Лощеный черноусый майор-особист, свирепо сверкнув пенсне, в упор спросил, выборочно делая ударения на букве «а» и тыча в небо указательным пальцем:
– Кто вам пАзволил лезть в высшую инстанцию страны через голову свАих кАмандиров?
У балтийца сразу отлегло от сердца: одно дело – нарушение внутреннего Устава, другое – политическая авантюра.
А особист, входя в раж и тыча ему в лицо узнанным им письмом к Климу, продолжал осатанело стращать:
– А вдруг бы твоя пАсквильная пАчкотня, в которой ты выпячиваешь временные недостатки славной кАлхозной деревни, попала в руки наших недругов за рубежом? И особенно за Акеаном!
– Да я, товарищ майор, только чуть копнул в своем письме, – со святой простотой открылся балтиец, радуясь открыться о наболевшем живому человеку, а не через письмо или газету. – На самом же деле, сейчас в деревне, как сказанул мой родной дядя Данила на похоронах своей матери, моей бабки, дожились наши колхознички, мол, воистину до ручки: не стало у людей ни хлеба, ни мучки, хошь в бутылку полезай… А наш сосед, бригадир Грач-Отченаш, бывший фронтовик, так еще чище сморозил хохму: «Счас, флотский, в деревне крутим такое большое кино, что у мужиков со смеху, от надсада, и порты перестали держаться…»

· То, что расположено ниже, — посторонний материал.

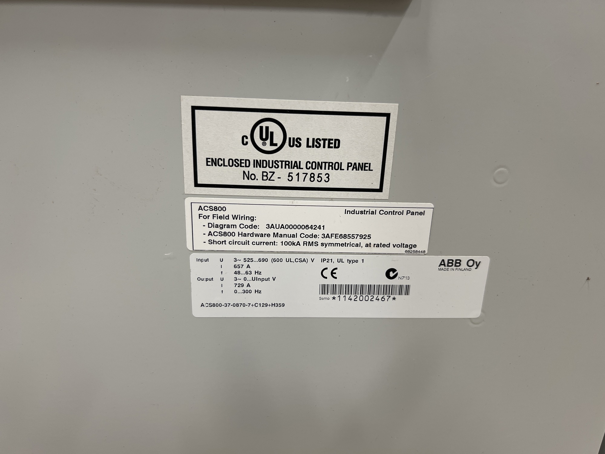 MCC Equipment - never commissioned

– Так-так-так! – зачастил особист, хватаясь за ручку на столе, как за наган в кобуре. И спешно застрочил на разлинованном листе, вежливо подбадривая своего собеседника, словно лаская корову во время дойки, чтобы та без утайки отдала все молоко. – Та-ак… ГАвАрите, гАвАрите… Та-ак!
А когда лист был исписан с двух сторон, особист каким-то натренированным жестом растопыренной ладони хлестко развернул его «лицом» к своему разоткровенничавшемуся не в меру собеседнику и нервно приказал:
– А теперь сей дАкумент извольте пАдписать!

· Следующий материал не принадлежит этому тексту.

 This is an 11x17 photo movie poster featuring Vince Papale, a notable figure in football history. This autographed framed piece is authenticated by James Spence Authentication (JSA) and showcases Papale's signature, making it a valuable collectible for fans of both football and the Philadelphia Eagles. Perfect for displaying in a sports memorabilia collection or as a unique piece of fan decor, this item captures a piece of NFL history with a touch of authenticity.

– Зачем? – спохватился балтиец, догадываясь о недобром.
– А это на тот случай, если в твАю бАранью башку втемяшится Ахота еще куда-то стрАчить свАи грязные пАсквили… Например, к Мао в Китай или в ООН за Акиан. – И как бы сводя свою резкость на шутку, бесцеремонно рявкнул: – Теперь будешь у нас пАд калпаком! Что, не пАнятно?
– Никак нет, все как есть ясно, товарищ майор! – отчеканил балтиец.
– Так-то будет лучше! – рявкнул особист, как бы прислушиваясь к своему голосу с отзвуком металла. И топыря черные усы и пуча и без того навыкате темные нахрапистые глазища, дал дельный отецкий наказ: – Так что служи, как служил… И не чирикай! Теперь-то все уразумел, тАварищ старшина первой статьи срочной службы?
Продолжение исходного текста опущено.